■ **Task prompt**: In the entries below, begin at the line that has "For more information", stop after the line that has "Esstockholm Zadeldek/Set - ❤️Equestrian", and output those lines exactly with no pictures.

■ **Records for this task**:
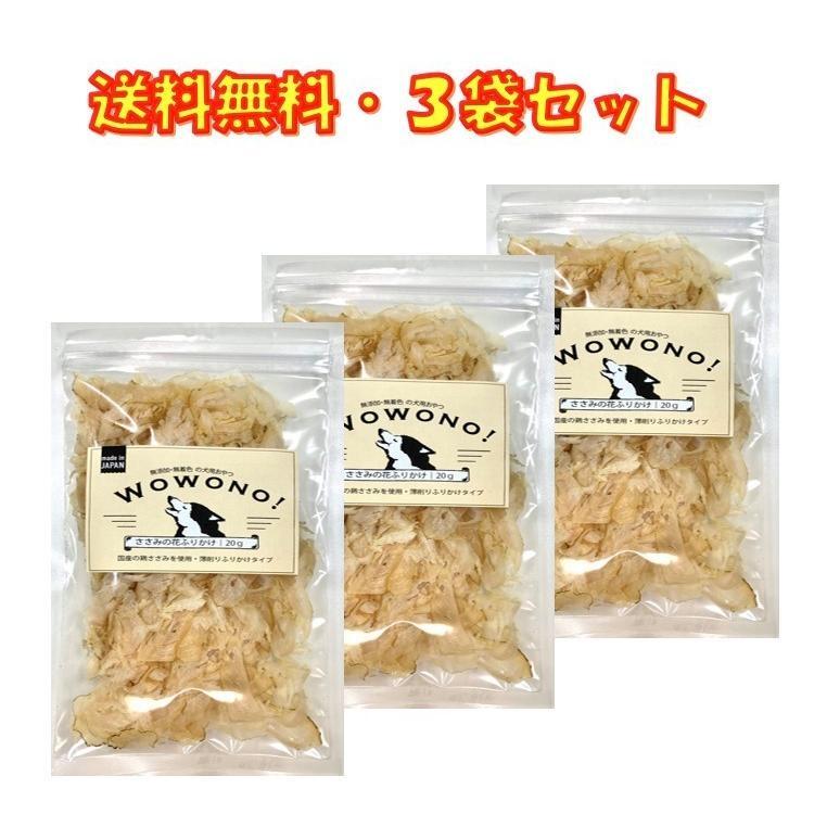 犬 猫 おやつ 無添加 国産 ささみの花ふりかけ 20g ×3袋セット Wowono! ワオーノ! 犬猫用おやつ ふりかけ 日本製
--
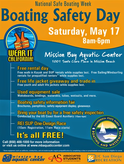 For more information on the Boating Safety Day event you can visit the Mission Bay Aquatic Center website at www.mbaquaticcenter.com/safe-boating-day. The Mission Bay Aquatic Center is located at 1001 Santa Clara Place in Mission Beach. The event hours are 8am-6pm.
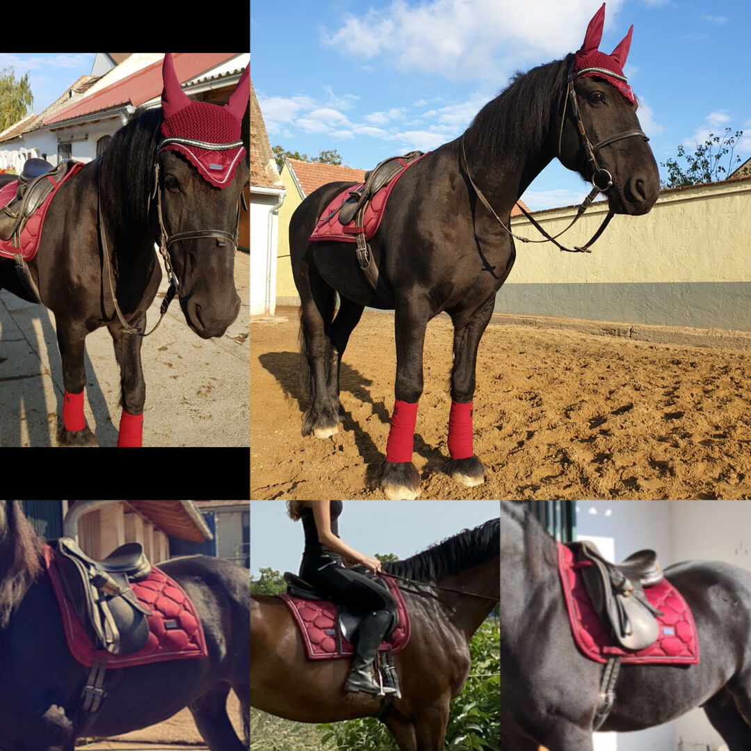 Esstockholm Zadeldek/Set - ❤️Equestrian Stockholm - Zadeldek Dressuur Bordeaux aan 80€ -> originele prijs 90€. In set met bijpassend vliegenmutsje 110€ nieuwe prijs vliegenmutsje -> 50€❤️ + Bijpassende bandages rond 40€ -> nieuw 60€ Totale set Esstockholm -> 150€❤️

■ **Result of the task**:
 For more information on the Boating Safety Day event you can visit the Mission Bay Aquatic Center website at www.mbaquaticcenter.com/safe-boating-day. The Mission Bay Aquatic Center is located at 1001 Santa Clara Place in Mission Beach. The event hours are 8am-6pm.
 Esstockholm Zadeldek/Set - ❤️Equestrian Stockholm - Zadeldek Dressuur Bordeaux aan 80€ -> originele prijs 90€. In set met bijpassend vliegenmutsje 110€ nieuwe prijs vliegenmutsje -> 50€❤️ + Bijpassende bandages rond 40€ -> nieuw 60€ Totale set Esstockholm -> 150€❤️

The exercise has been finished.